Day 260 – 18 April 2010: Sheep Shearing Capital of the World, population 4,000 and decreasing


We have to wait until the afternoon for our replacement van so, after taking advantage of Escape covering our expenses for our stay here by having a huge fry up breakfast at the motel, we walk down into Te Kuiti.
Besides the huge statue of a man shearing a sheep, there is not much to see here. The town is seemingly populated by a lot of bored looking teenagers. It’s like a mini-Slough, the commercial estate town west of London made famous by the John Betjeman poem ‘Come friendly bombs fall on Slough, it isn’t fit for humans now’...

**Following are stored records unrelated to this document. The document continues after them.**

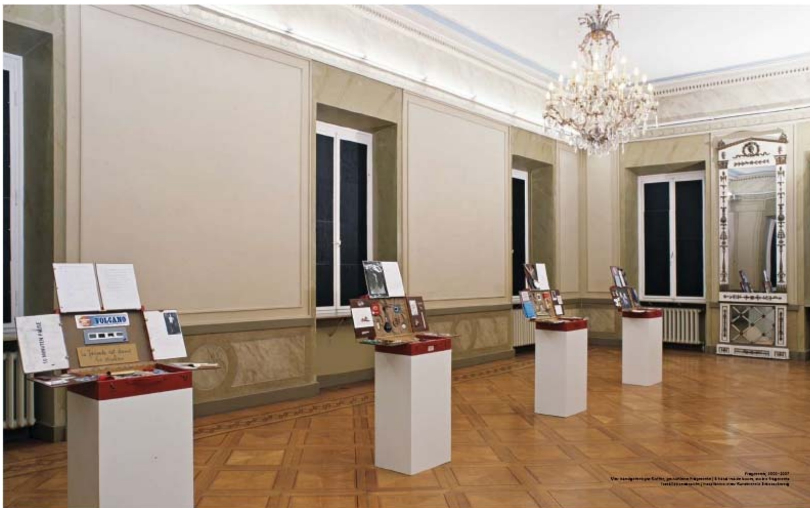
Fragments, 2002 – 2007,

"Since 2002 I have been collecting parts of different artworks from various museums, galleries and art centres in Europe. I made these suitcases in order to have my collection with me everywhere I go and to be able to show it to everyone who might wish to see it. It is my portable museum and Noah's Ark."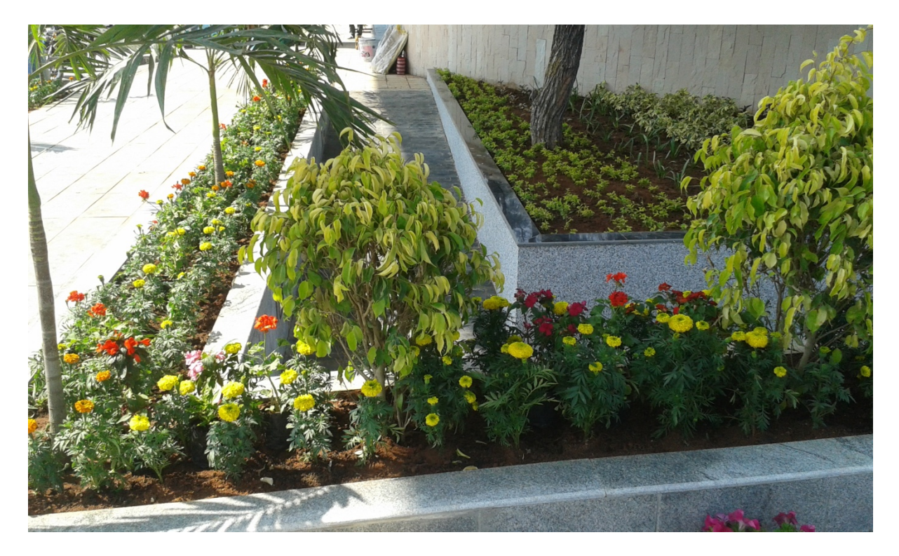
Beautification and pedestrian facilities developed by HMR at Parade grounds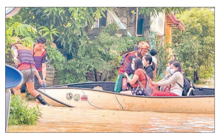
Rescuers ferry stranded residents from their flooded houses at a village in Ilagan town, Isabela province on 12 November 2024, a day after Typhoon Toraji hit the province.

"It's looking like it will follow the track of (Yinxing)," civil defence chief Rueli Rapsing of Cagayan province told AFP, referring to a typhoon that struck the northern tip of the country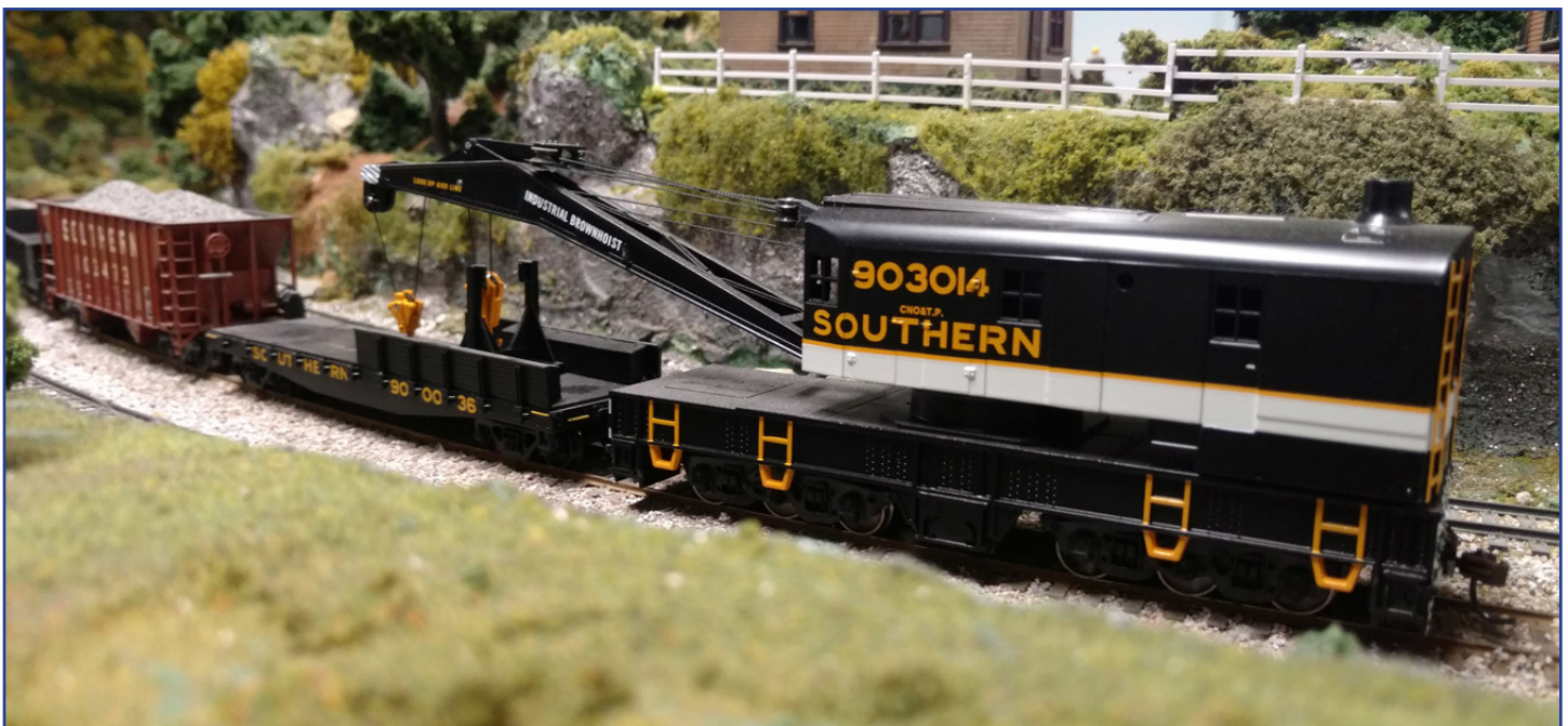
Freshly-painted derrick 903014 awaits the call at Asheville.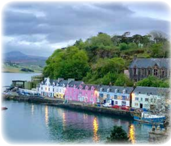
Portree evening view from our hotel.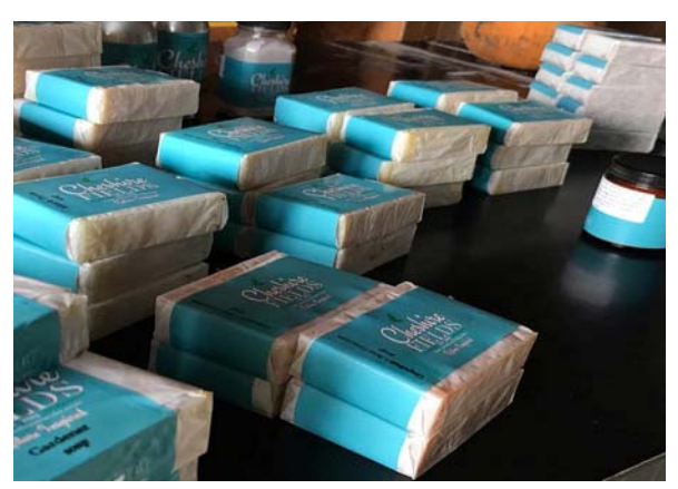
Bars of soap made at Cheshire Farms, one of the stops on the Arts and Eats tour.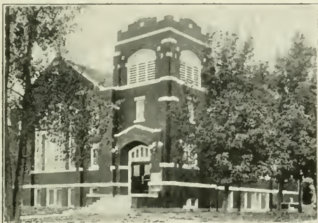
HUMBOLDT, KANSAS (Church)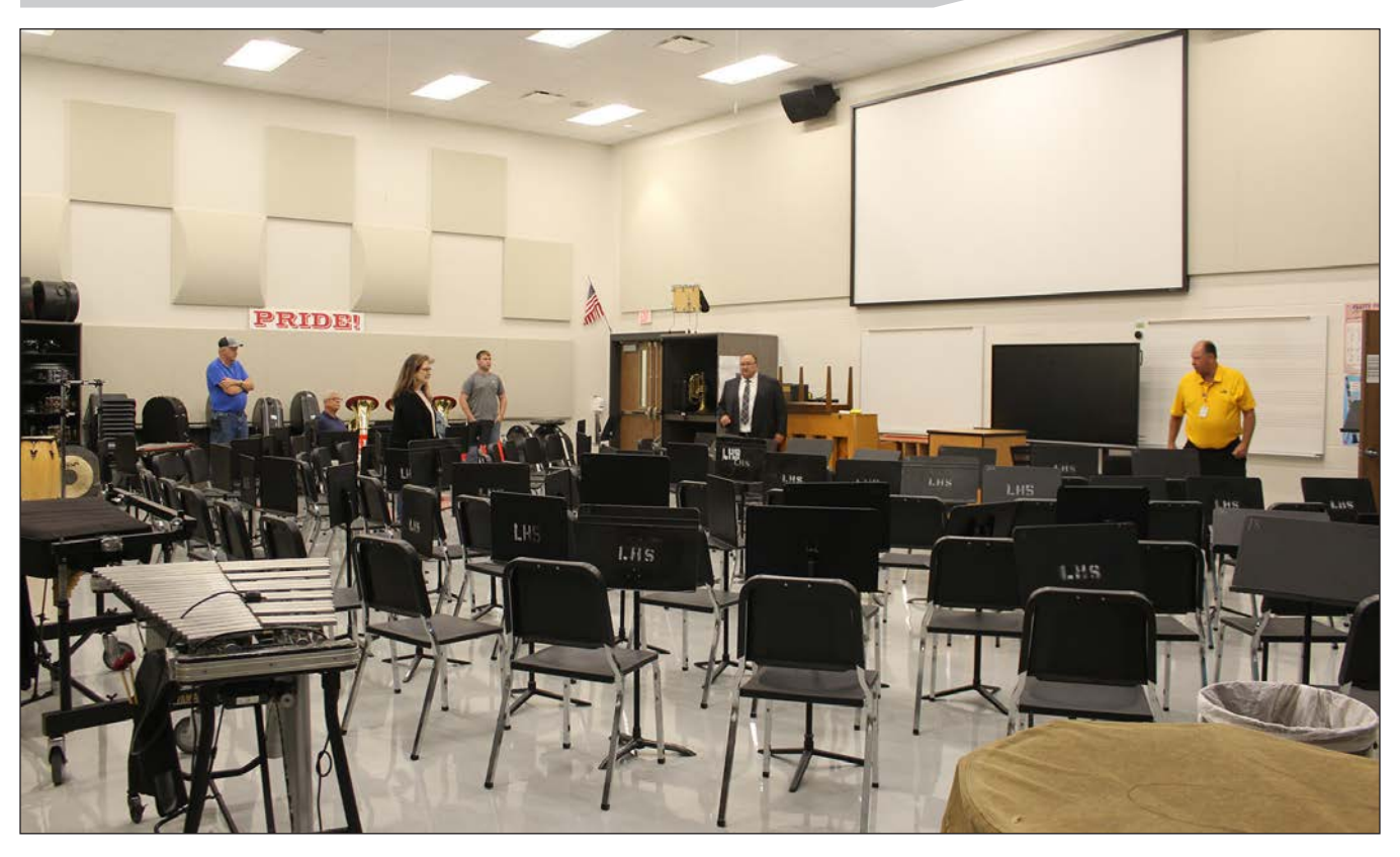
Band and choir rooms are located near the performing arts center. The former music area now houses the weight room.

upgrades into one major project — funded through a new bond — which would start immediately after the prior one was paid off," Hartman said.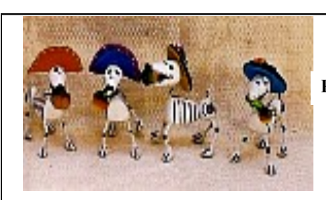
P53 $ 8.00 2 3/4"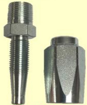
Straight Male BSPT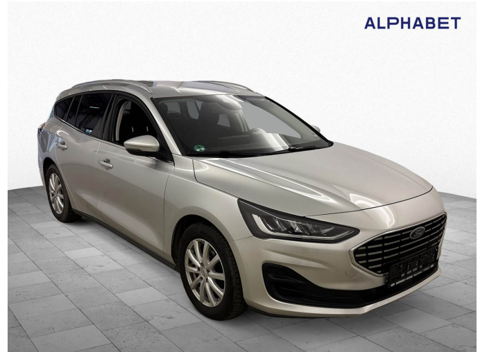
Figure 2: Diagonal front (right)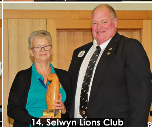
14. Selwyn Lions Club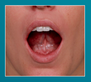
STEP 2. Ask the patient to place the tip of their tongue on the roof of their mouth.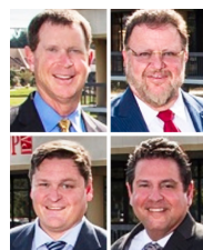
750 W Lumsden Brandon (813) 653-2500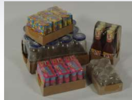
Samples of actual products run on APM Machinery equipment

Single and double stacked products can too!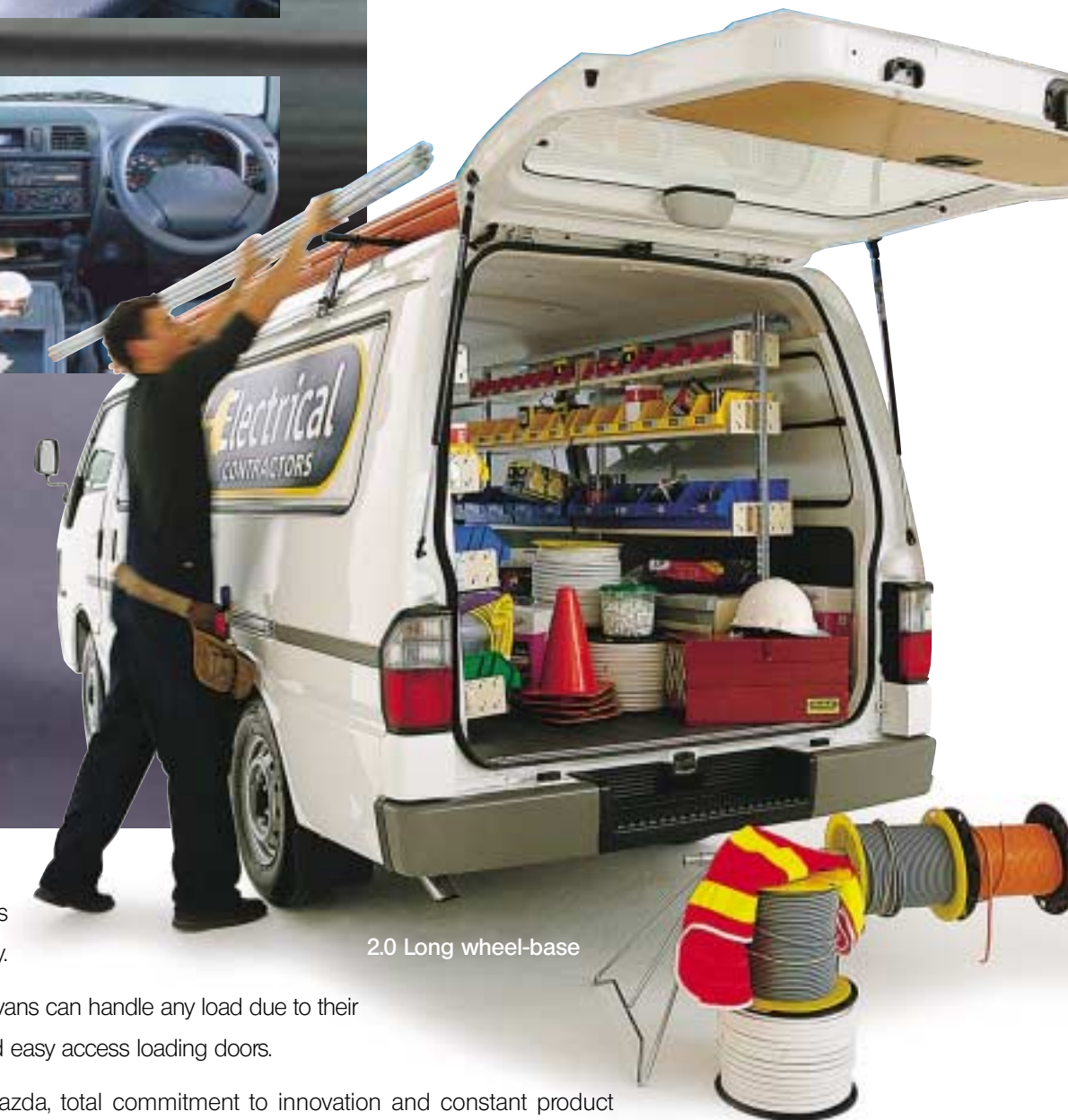
2.0 Long wheel-base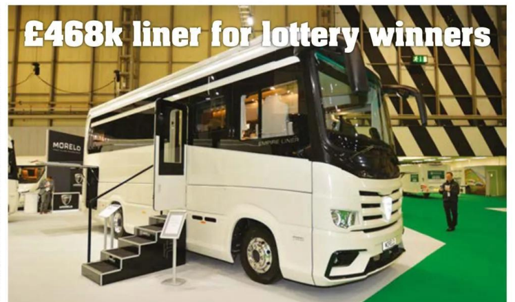
£468k liner for lottery winners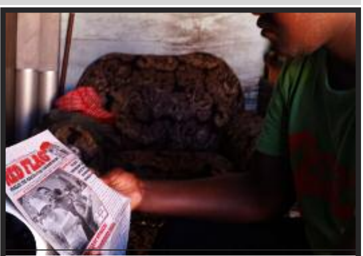
South Africa: as the class struggle heats up, ICWP grows among industrial workers. See article page 1.

Every area in the world is affected by the contradiction of China's growth and the US need to reverse its decline as well as prevent China and other imperialists from dominating the world.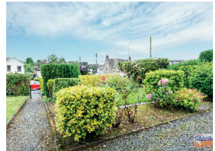
22 Saintfield Road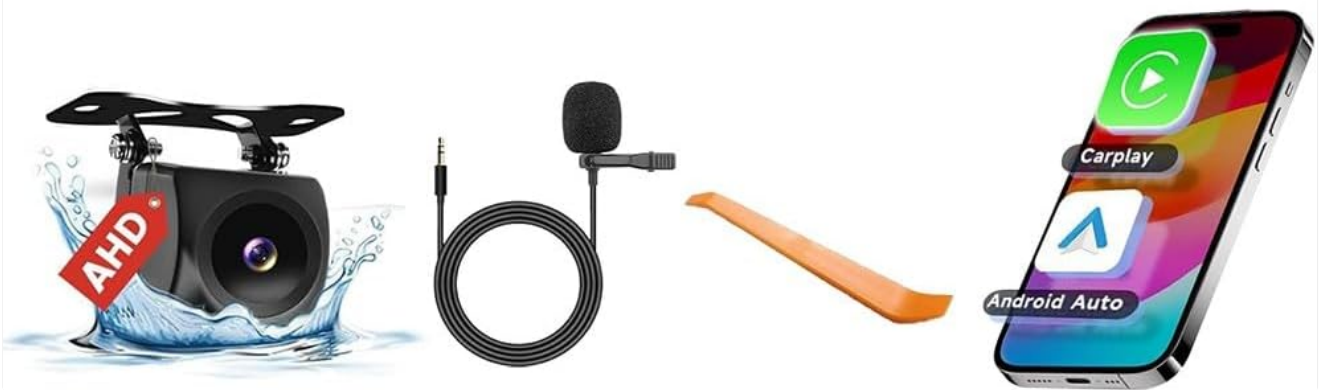
Figure 1.1: KUNFINE 12.3-inch Android Car Stereo with included components such as the display unit, AHD camera, microphone, installation tool, and a smartphone illustrating CarPlay/Android Auto functionality.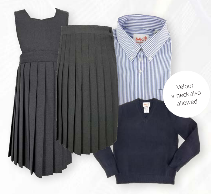
Bnos Derech Yisroel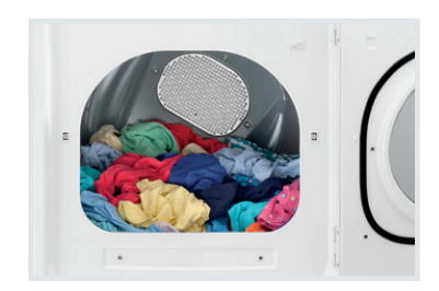
Fits-More™ Dryer Dry more in one load with our large, 7.0 cu.ft. interior.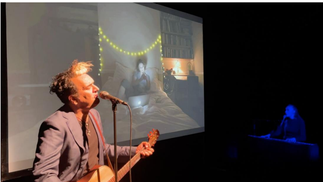
Super Connected LIVE, Brighton

24 th May 2004 The Guardian: Are Kids Losing Their Love of Music? (full article)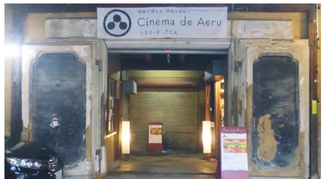
Cinema de Aeru (Miyako, Iwate)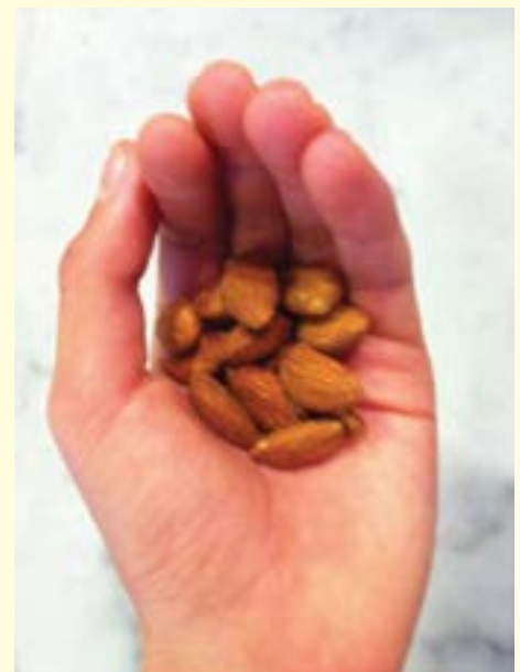
About 1/4 cup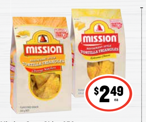
Mission Corn Chips 230g $1.08 per 100g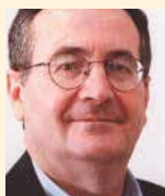
Brig. Gen. (ret.) Shlomo Brom

Fields of Expertise: military technology; low intensity conflict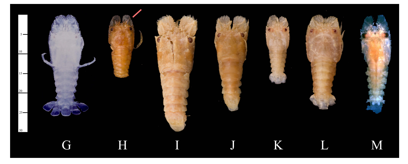
Fig. (2). The nistos/early juveniles of Scyllaridae species collected in Sicilian waters (individual letter codes as in Table 1). All could be ascribed to the genus Scyllarus , with the only possible exception of specimen H [broken tail; line pointing to the antennal margin], which might belong to the species Scyllarides latus .

We stop at a pub that looks like a warehouse from the outside, but is full of slot machines inside. I get asked for ID and show the bar lady my UK driving licence. She asks me if I have anything else (I don’t), and then asks me where the date of birth is on it. I am bloody thirty-eight for Chrissakes. A petite twenty eight years old, Caz doesn’t have any ID on her and walks out of the pub without saying anything to us, so Mary and I sit down to have a couple of drinks. I get the feeling Caz is feeling a bit moody today, but she comes back to us while we are sat outside the pub having indulged in some retail therapy.
We have dinner back at the motel. The restaurant by reception and lounge area is quite homely and only we are the only customers there, so I wasn’t expecting much from the food. However, Mary’s lamb shank, which I have a taste of, is quite delicious and perfectly cooked, though my steak’n’turf is less memorable.
Our new van arrives while we eating dinner.